■ Task prompt:
From the listing below, restate word for word the lines from the line containing "- 【Easy to installation】Non-polarity" down through the line containing "Amalgamare bene il". Exclude pictures.

■ Listed entries:

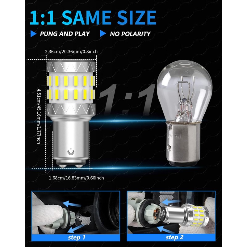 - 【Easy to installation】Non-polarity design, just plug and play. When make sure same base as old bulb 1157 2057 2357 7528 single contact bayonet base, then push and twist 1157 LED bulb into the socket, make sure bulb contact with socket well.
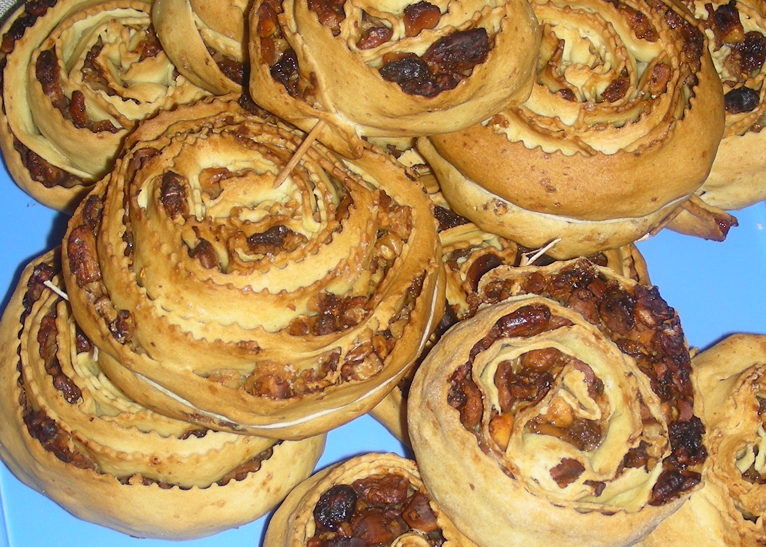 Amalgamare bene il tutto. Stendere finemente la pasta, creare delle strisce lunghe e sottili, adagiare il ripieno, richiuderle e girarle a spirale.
==
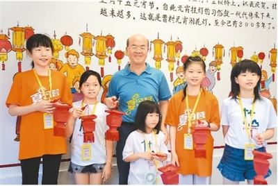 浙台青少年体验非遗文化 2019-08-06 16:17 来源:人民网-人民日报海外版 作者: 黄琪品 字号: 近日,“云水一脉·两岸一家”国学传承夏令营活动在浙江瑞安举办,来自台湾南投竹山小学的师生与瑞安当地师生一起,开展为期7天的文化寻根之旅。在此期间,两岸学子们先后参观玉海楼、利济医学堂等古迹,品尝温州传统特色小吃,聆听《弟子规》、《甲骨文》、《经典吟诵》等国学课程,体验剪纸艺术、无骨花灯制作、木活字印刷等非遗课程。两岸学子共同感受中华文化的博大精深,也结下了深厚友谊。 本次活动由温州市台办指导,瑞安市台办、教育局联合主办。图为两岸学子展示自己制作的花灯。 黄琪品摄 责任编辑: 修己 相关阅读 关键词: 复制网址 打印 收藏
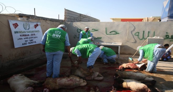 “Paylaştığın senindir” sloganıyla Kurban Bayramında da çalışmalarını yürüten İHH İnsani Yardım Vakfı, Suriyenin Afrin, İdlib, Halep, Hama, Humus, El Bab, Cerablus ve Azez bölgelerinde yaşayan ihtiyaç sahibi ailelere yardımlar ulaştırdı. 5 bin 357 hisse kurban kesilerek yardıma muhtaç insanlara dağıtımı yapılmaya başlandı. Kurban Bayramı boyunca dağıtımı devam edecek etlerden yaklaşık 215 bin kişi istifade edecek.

■ Solution below:
 - 【Easy to installation】Non-polarity design, just plug and play. When make sure same base as old bulb 1157 2057 2357 7528 single contact bayonet base, then push and twist 1157 LED bulb into the socket, make sure bulb contact with socket well.
 Amalgamare bene il tutto. Stendere finemente la pasta, creare delle strisce lunghe e sottili, adagiare il ripieno, richiuderle e girarle a spirale.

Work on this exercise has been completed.